[Records shown — start]
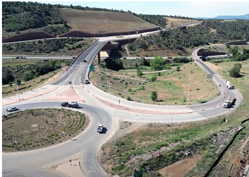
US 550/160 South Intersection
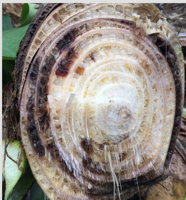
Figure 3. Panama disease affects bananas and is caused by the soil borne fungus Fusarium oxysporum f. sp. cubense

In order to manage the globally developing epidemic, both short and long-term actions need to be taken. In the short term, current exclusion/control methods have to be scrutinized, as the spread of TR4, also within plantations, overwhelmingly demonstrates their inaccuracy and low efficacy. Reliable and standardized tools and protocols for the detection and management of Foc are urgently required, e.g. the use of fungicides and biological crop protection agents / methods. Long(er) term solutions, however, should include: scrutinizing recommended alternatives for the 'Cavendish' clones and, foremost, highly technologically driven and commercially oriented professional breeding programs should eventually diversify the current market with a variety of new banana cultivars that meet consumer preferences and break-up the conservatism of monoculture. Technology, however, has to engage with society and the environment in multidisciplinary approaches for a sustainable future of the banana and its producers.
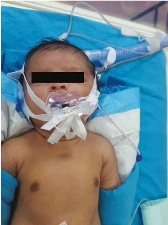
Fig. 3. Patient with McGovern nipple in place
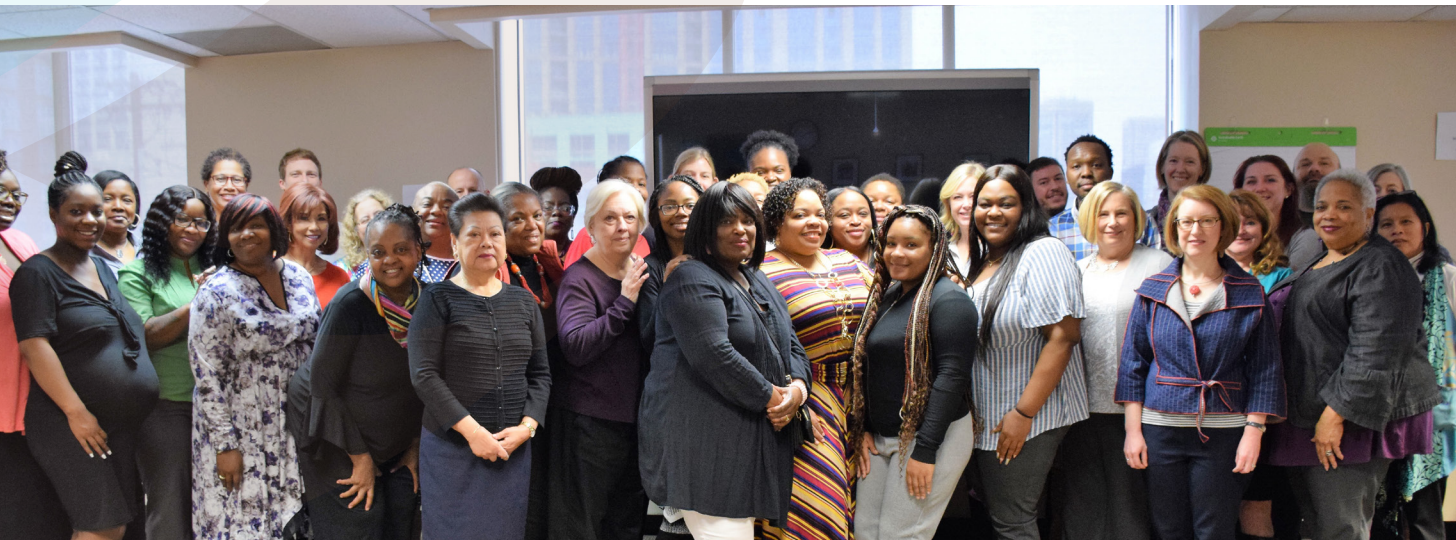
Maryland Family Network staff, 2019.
[Records shown — finish]
[Records shown — start]
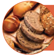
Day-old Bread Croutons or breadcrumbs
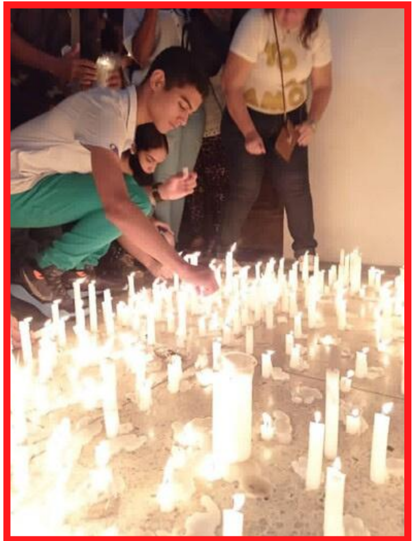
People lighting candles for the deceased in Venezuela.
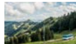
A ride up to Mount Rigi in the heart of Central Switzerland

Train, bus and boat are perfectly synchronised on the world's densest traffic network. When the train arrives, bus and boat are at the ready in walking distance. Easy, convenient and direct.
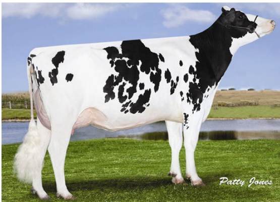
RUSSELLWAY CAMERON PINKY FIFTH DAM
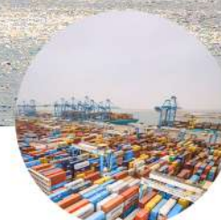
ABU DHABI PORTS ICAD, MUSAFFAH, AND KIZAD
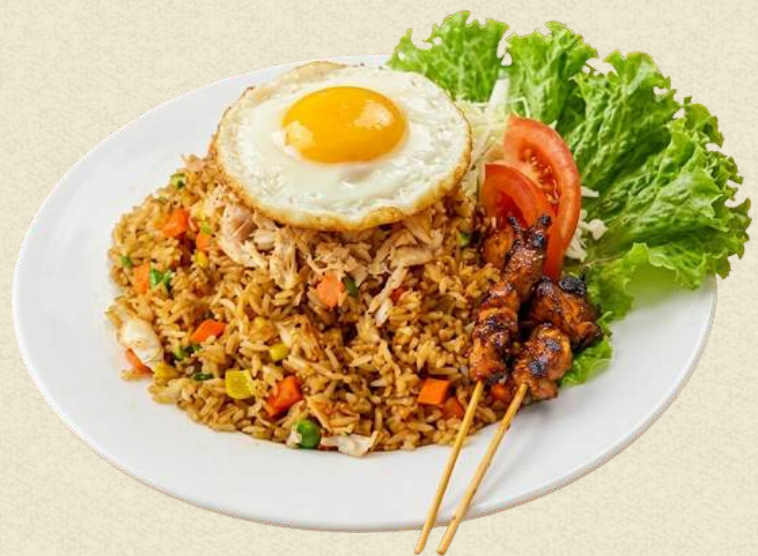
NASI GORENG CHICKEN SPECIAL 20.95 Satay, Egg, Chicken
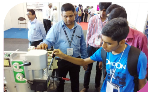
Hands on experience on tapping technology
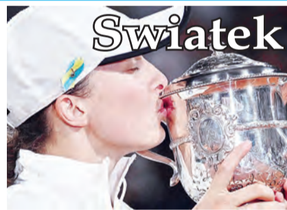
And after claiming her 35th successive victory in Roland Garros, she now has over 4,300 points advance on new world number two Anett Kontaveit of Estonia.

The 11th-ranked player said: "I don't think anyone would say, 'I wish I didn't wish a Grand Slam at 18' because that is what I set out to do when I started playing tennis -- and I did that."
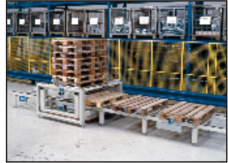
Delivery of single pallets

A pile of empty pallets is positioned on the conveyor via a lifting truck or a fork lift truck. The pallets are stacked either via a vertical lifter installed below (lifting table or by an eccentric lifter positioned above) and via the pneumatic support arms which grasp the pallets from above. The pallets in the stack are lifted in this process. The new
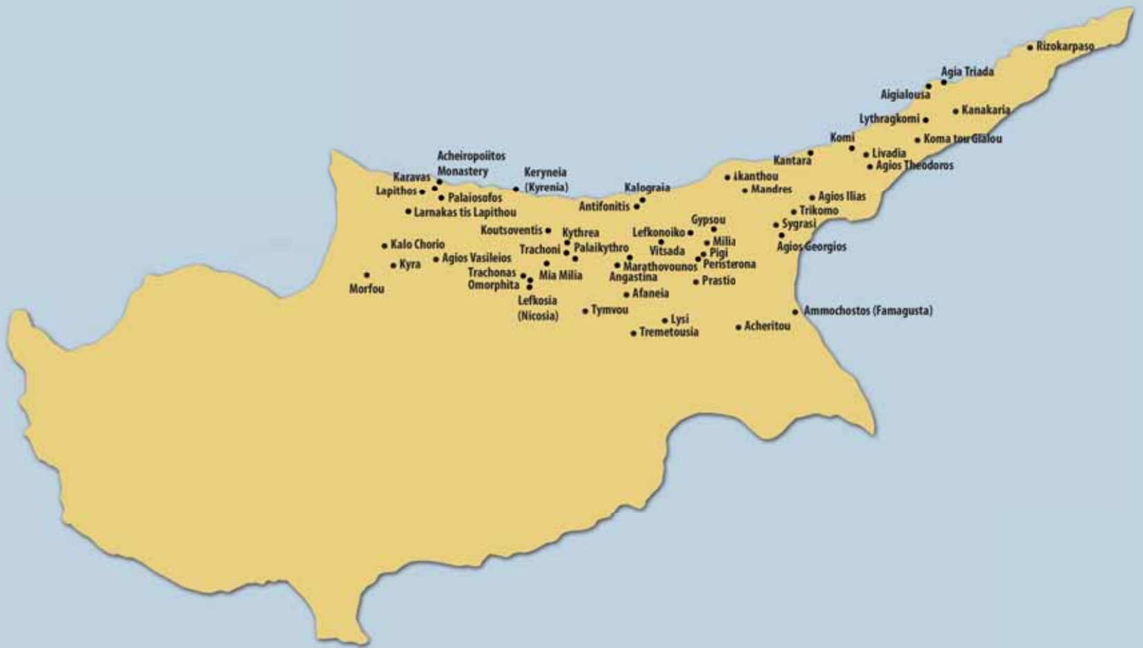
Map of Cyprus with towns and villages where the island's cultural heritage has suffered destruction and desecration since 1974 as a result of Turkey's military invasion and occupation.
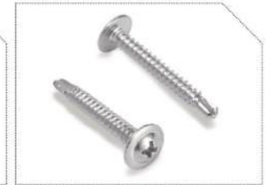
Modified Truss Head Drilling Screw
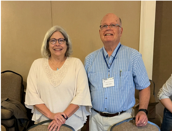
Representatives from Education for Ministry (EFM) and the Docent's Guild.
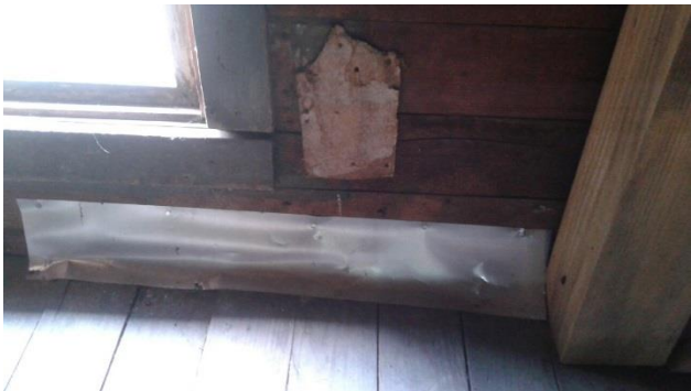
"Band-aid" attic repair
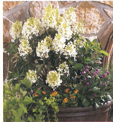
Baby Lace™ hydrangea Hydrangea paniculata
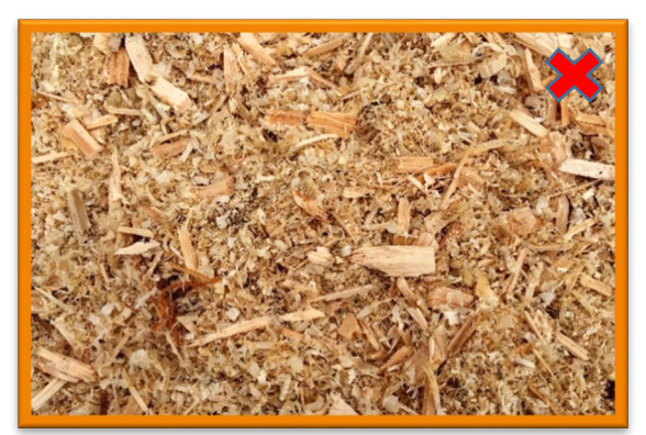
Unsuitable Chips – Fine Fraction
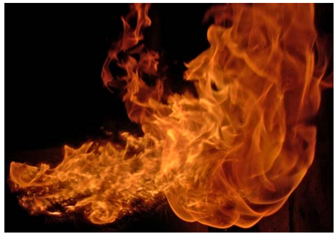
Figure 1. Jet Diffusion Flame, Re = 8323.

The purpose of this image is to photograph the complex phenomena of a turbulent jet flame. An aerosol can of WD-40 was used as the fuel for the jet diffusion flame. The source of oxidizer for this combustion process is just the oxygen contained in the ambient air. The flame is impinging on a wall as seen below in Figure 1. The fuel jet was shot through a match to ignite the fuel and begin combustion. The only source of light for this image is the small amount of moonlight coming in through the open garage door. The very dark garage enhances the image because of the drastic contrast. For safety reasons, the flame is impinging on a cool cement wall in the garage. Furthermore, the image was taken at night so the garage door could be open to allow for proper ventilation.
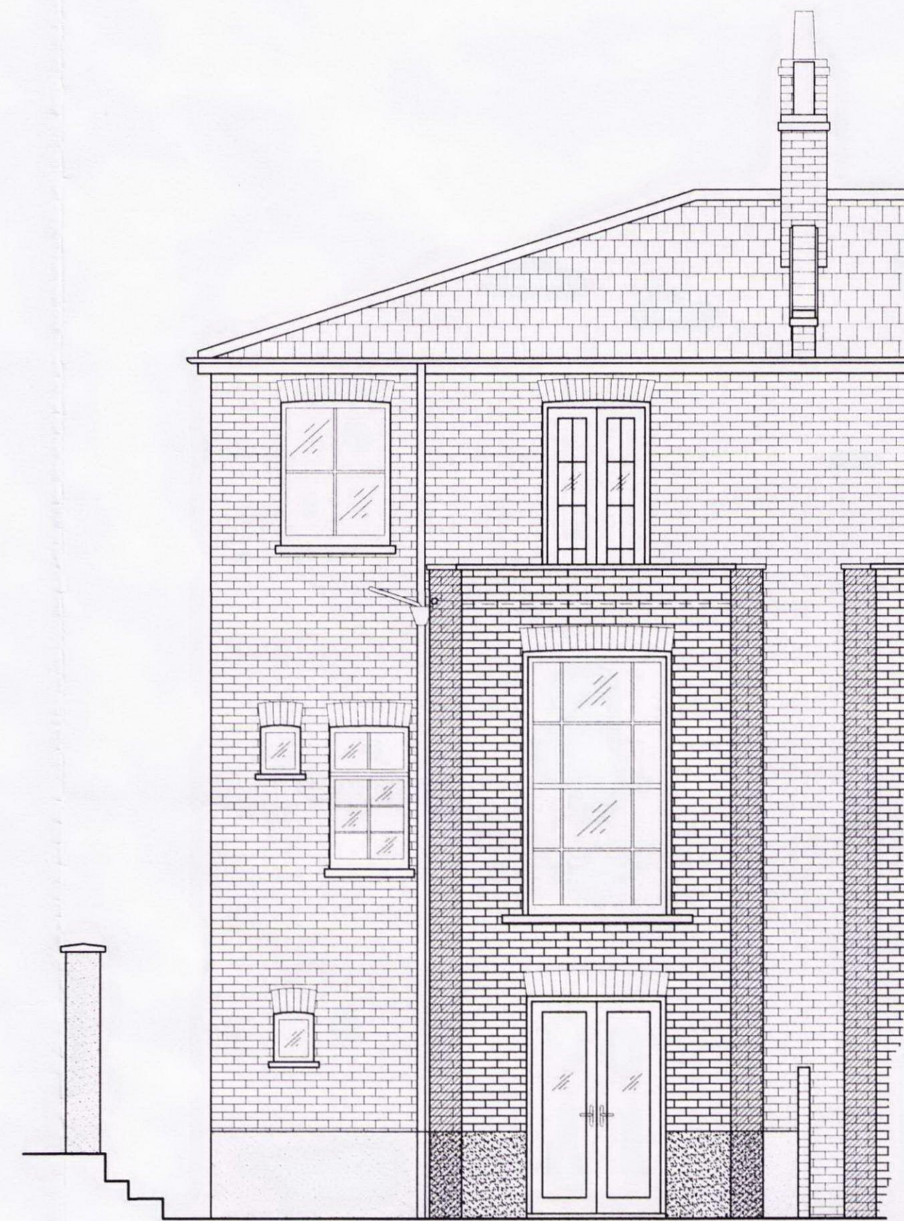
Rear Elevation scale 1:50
[Records shown — finish]
[Records shown — start]
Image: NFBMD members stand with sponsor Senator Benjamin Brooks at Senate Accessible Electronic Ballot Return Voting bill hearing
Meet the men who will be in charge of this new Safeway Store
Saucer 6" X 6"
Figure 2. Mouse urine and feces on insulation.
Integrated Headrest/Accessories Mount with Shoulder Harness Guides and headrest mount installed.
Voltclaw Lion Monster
[Records shown — finish]
• What to produce: Looking at the data above, say how many lines include the string "that" and add nothing.

• The answer: 2